(Extracted records)

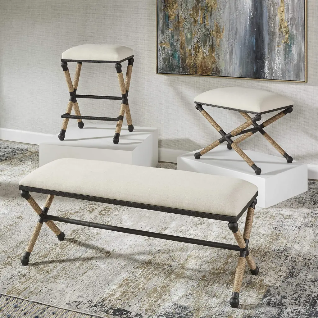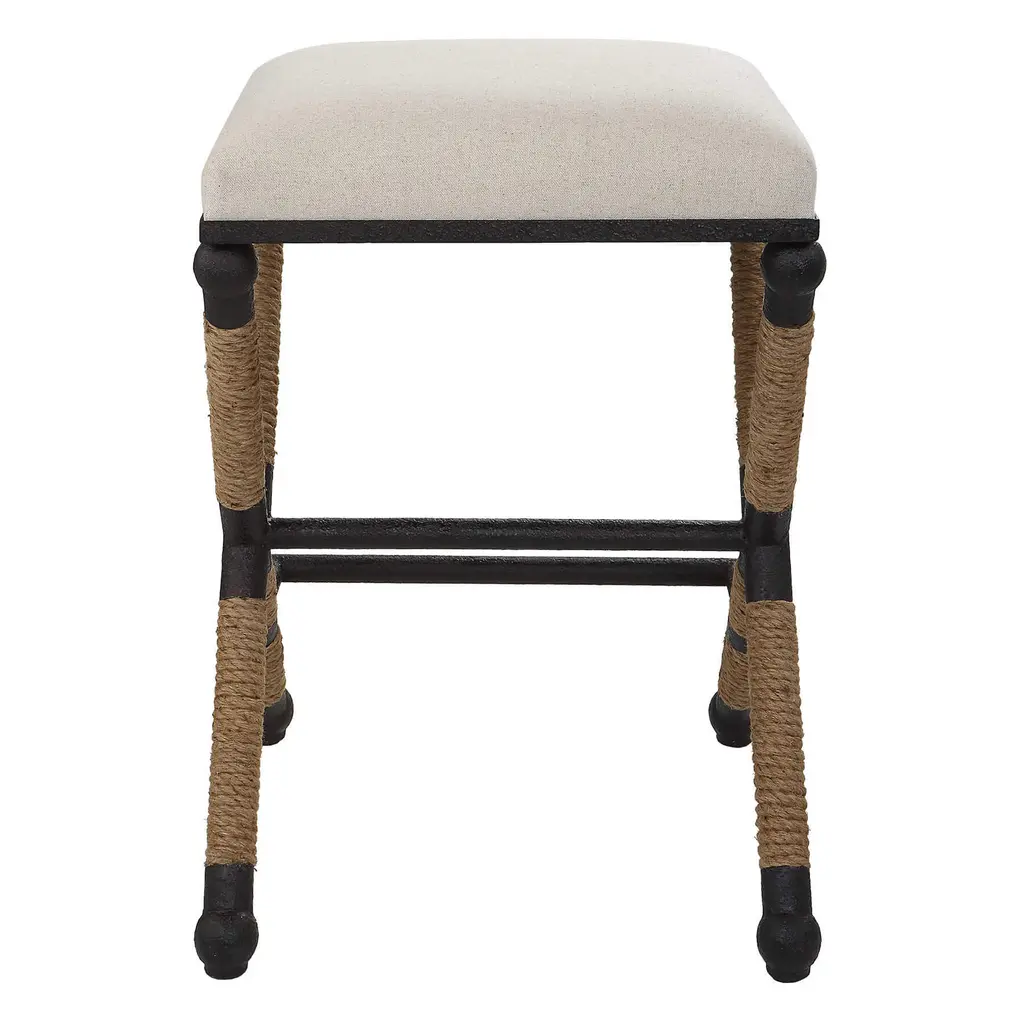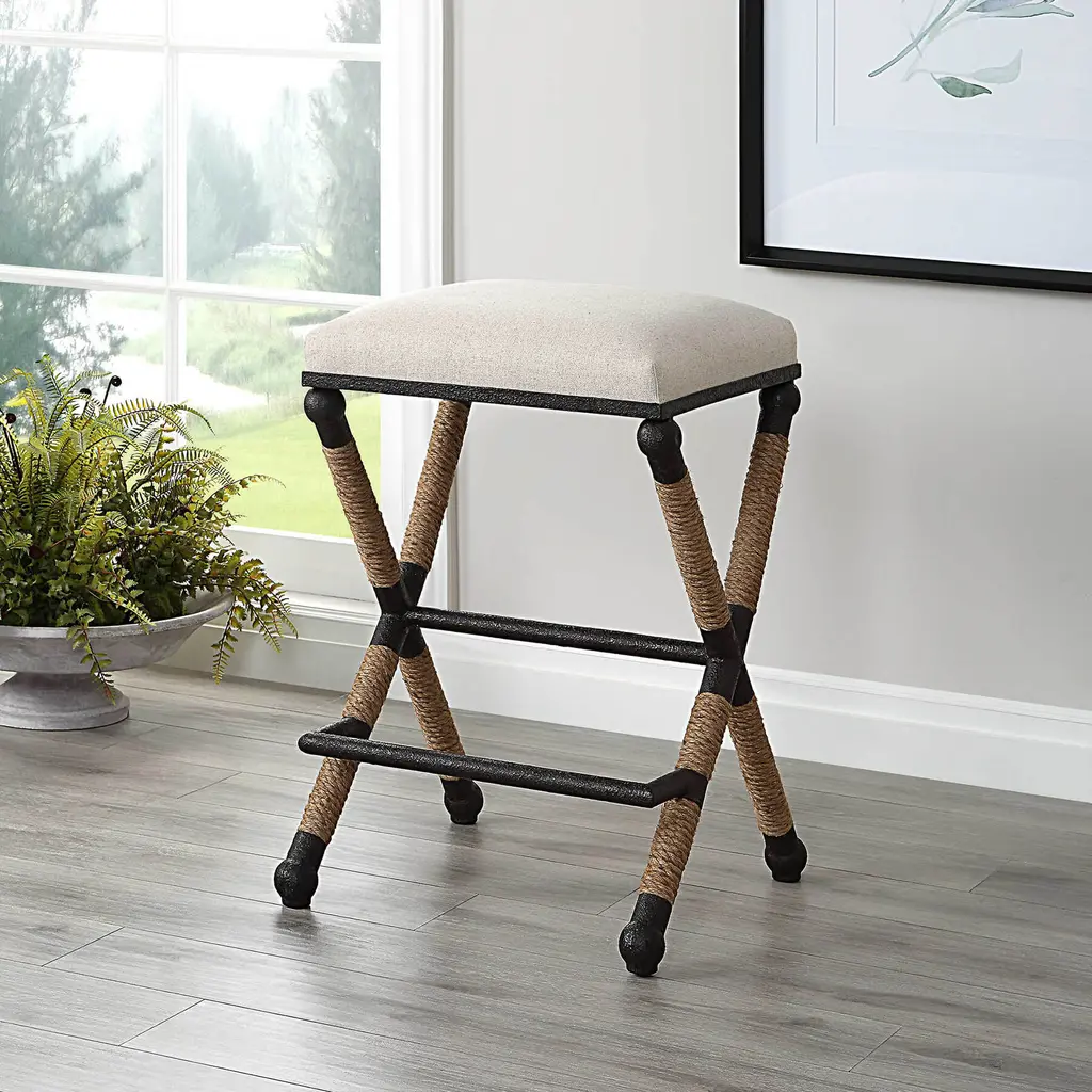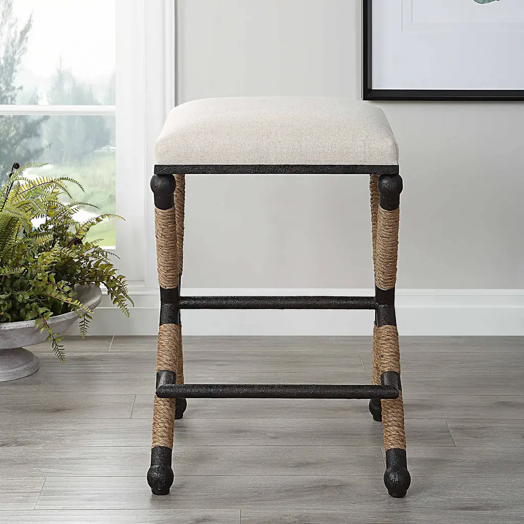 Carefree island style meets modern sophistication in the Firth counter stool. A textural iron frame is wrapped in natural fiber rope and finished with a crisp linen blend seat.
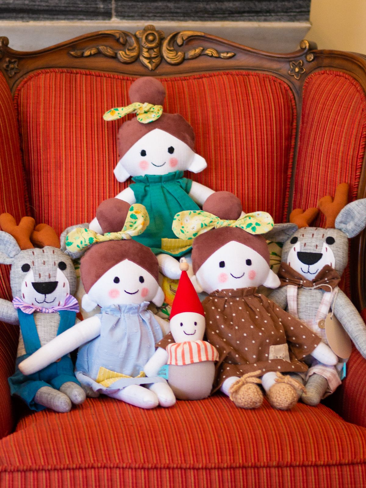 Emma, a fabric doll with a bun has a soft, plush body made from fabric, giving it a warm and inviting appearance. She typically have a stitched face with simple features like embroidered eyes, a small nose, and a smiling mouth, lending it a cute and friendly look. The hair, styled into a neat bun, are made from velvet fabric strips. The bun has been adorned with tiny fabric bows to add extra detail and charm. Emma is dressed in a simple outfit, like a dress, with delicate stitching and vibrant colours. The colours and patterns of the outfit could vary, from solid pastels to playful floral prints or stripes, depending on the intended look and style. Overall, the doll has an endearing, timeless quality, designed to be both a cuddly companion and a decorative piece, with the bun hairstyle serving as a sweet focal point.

(End Extracted records)
(Extracted records)

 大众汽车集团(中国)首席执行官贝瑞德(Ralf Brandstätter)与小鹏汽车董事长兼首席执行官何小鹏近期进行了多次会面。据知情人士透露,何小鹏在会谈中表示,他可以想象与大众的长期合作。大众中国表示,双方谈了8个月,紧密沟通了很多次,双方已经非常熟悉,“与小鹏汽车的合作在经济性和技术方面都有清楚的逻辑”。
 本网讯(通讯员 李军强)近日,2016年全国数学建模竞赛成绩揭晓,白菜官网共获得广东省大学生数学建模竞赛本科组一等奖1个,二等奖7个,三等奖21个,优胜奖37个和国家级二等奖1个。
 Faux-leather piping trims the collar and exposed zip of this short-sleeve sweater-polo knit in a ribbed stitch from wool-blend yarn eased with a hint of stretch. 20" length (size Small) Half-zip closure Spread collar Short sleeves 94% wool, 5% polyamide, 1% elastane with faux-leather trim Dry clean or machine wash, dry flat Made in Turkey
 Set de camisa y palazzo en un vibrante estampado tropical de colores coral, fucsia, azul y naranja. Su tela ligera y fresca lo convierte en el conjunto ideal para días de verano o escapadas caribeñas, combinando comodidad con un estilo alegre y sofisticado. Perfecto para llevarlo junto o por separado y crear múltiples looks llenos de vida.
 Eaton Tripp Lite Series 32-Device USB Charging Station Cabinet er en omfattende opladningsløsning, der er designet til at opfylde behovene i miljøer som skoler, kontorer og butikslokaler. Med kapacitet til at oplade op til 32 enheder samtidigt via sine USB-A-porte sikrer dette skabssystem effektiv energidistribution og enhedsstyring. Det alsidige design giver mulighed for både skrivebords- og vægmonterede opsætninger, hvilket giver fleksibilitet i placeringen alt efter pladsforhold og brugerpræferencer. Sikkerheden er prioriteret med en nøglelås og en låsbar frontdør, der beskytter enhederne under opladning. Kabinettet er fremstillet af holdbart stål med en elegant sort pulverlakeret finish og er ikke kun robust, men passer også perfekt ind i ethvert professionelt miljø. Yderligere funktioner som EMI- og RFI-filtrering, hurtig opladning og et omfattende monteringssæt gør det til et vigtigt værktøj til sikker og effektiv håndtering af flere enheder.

(End Extracted records)

▶ [What this task involves] Please copy out from the data above, without any picture, exactly the lines running from the one that holds "Carefree island style" through the one that holds "Emma, a fabric", and nothing beyond them.

▶ [Answer to this problem]
 Carefree island style meets modern sophistication in the Firth counter stool. A textural iron frame is wrapped in natural fiber rope and finished with a crisp linen blend seat.
 Emma, a fabric doll with a bun has a soft, plush body made from fabric, giving it a warm and inviting appearance. She typically have a stitched face with simple features like embroidered eyes, a small nose, and a smiling mouth, lending it a cute and friendly look. The hair, styled into a neat bun, are made from velvet fabric strips. The bun has been adorned with tiny fabric bows to add extra detail and charm. Emma is dressed in a simple outfit, like a dress, with delicate stitching and vibrant colours. The colours and patterns of the outfit could vary, from solid pastels to playful floral prints or stripes, depending on the intended look and style. Overall, the doll has an endearing, timeless quality, designed to be both a cuddly companion and a decorative piece, with the bun hairstyle serving as a sweet focal point.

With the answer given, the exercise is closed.